Alphonse Maddin, a truck driver, was hauling a trailer down I-88 in Illinois in the middle of the night, in January 2009, when (in the court’s majority opinion’s words) “the brakes on his trailer froze because of subzero temperatures.” Maddin pulled off the road when he ran low on gas and couldn’t find a gas station, and when he tried to get back on the road he found that his trailer’s brakes had frozen.
Maddin reported the frozen brakes to his bosses at the TransAm Trucking company, who told him that help was on the way. He dozed in the cab of his truck, but its bunk heater wasn’t working; when he awoke a couple of hours later, “he realized his torso was numb and he could not feel his feet.” He continued to plead his case to the company, which told him either to drag the trailer with frozen brakes or stay on-site with the trailer until the repairman arrived. Maddin did what anyone in his condition would probably do: he abandoned the trailer on the roadside and drove away. Days later, TransAm fired Maddin “for violating company policy by abandoning his load while under dispatch.”

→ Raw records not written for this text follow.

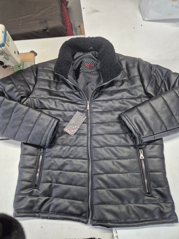 Siyah deri, kısa kesim erkek ceket, çıtçıtlı cepler ve yakasıyla sokak stiline uygun şık bir parça. Uzun kollu ve dar kesimdir.
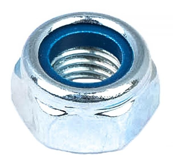 — Монтаж: На установленный болт накрутить гайку. В момент, когда гайка накручивается на болт, болтовая резьба начинает нарезать внутреннюю поверхность дополнительного стопорного кольца, благодаря чему в системе «болт-гайка» возникает эффект деформации, который обладает слегка подпружинивающим действием, что в свою очередь, практически исключает возможность самопроизвольного отвинчивания гайки.
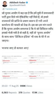 अखिलेश यादव ने अपने एक्स हैंडल पर इससे जुड़ा एक पोस्ट किया है. अखिलेश यादव ने अपने पोस्ट में लिखा, ‘जो चुनाव आयोग ये कह रहा है कि हमें यूपी में समाजवादी पार्टी द्वारा दिये गये ऐफ़िडेविट नहीं मिले हैं, वो हमारे शपथपत्रों की प्राप्ति के प्रमाण स्वरूप दी गयी अपने कार्यालय की पावती को देख ले. इस बार हम मांग करते हैं कि चुनाव आयोग शपथपत्र दे कि ये जो डिजिटल रसीद हमको भेजी गयी है वो सही है, नहीं तो ‘चुनाव आयोग’ के साथ-साथ ‘डिजिटल इंडिया’ भी शक के घेरे में आ जाएगा. भाजपा जाए तो सत्यता आए!’
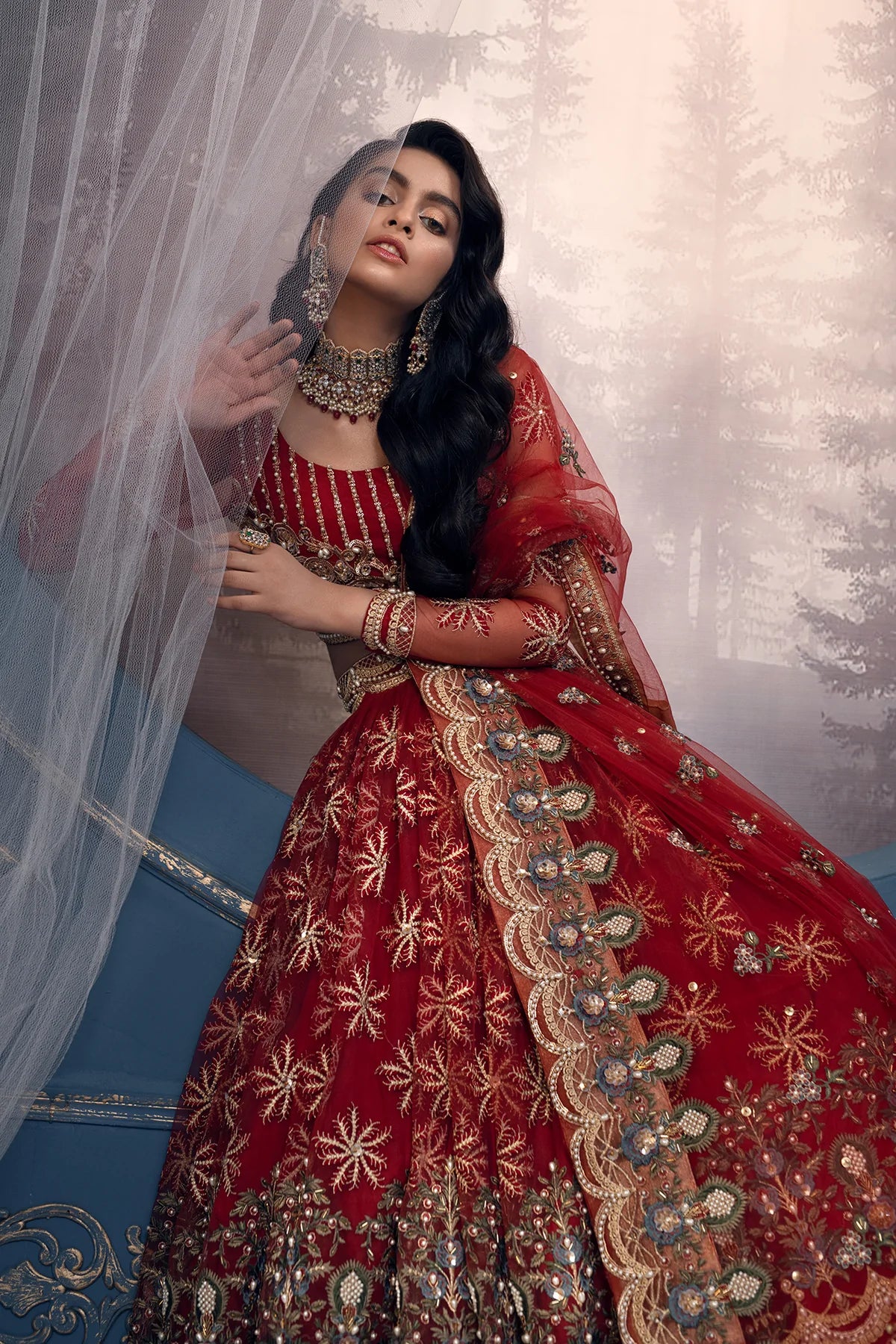 Red Net Heavy Embroidered Bridal Wear Lehenga Choli
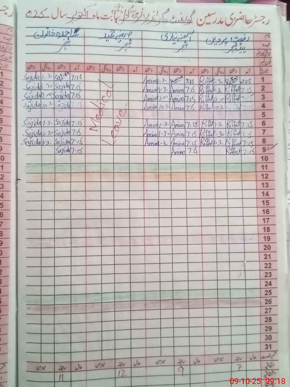 | Total no. of Classrooms: 4 No. of Classrooms Used for Teaching: 4 No. of Classrooms Storing Old Furniture, FTBs, etc: 0Comments if Any: 01 toilet is blocked PST Safia Hameed is absent her medical leave not approved till date |
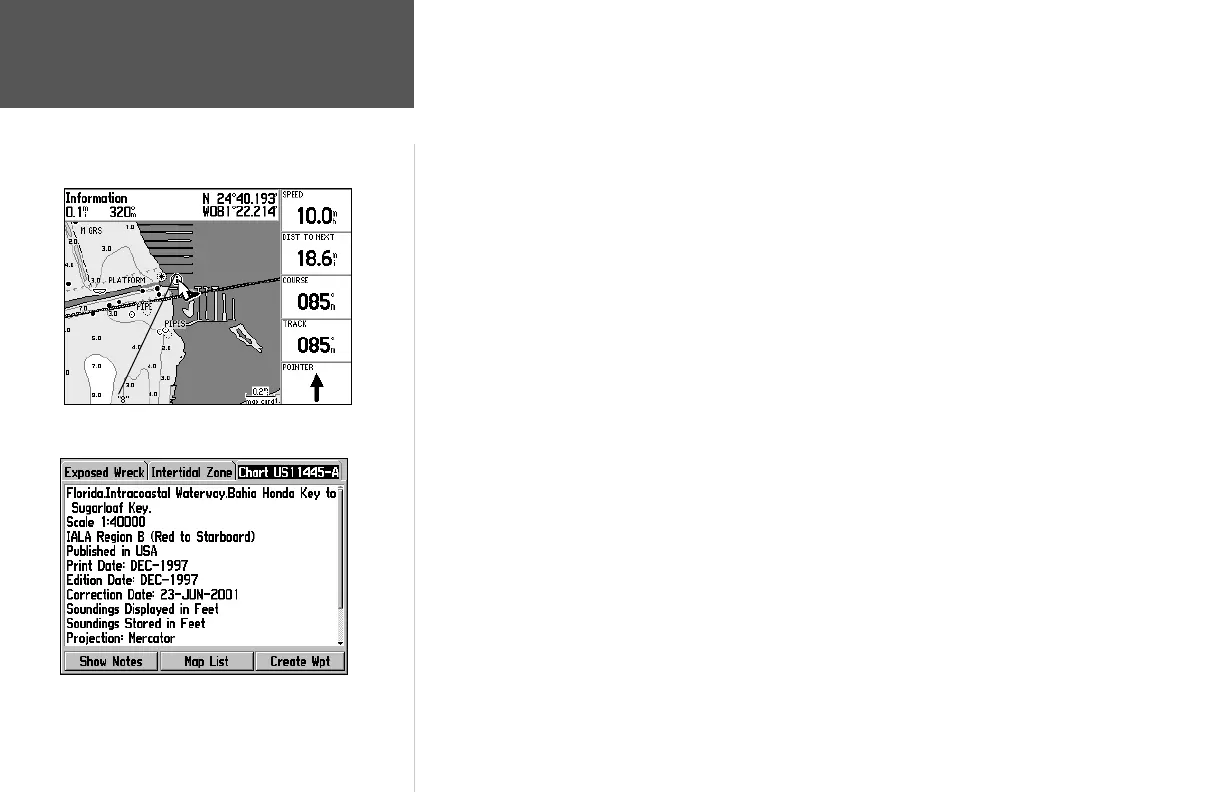 (‘Show Map’) or create a waypoint at the map feature location (‘Create Wpt’). In some cases, addi-

Maddin complained to the federal Occupational Safety and Health Administration, an agency within the Labor Department, arguing that TransAm violated the “whistleblower” provision of the federal Surface Transportation Assistance Act, which provides that a trucking company “may not discharge an employee, or discipline or discriminate against an employee regarding pay, terms, or privileges of employment, because . . . the employee refuses to operate a vehicle because . . . the employee has a reasonable apprehension of serious injury to the employee or the public because of the vehicle’s hazardous safety or security condition[.]”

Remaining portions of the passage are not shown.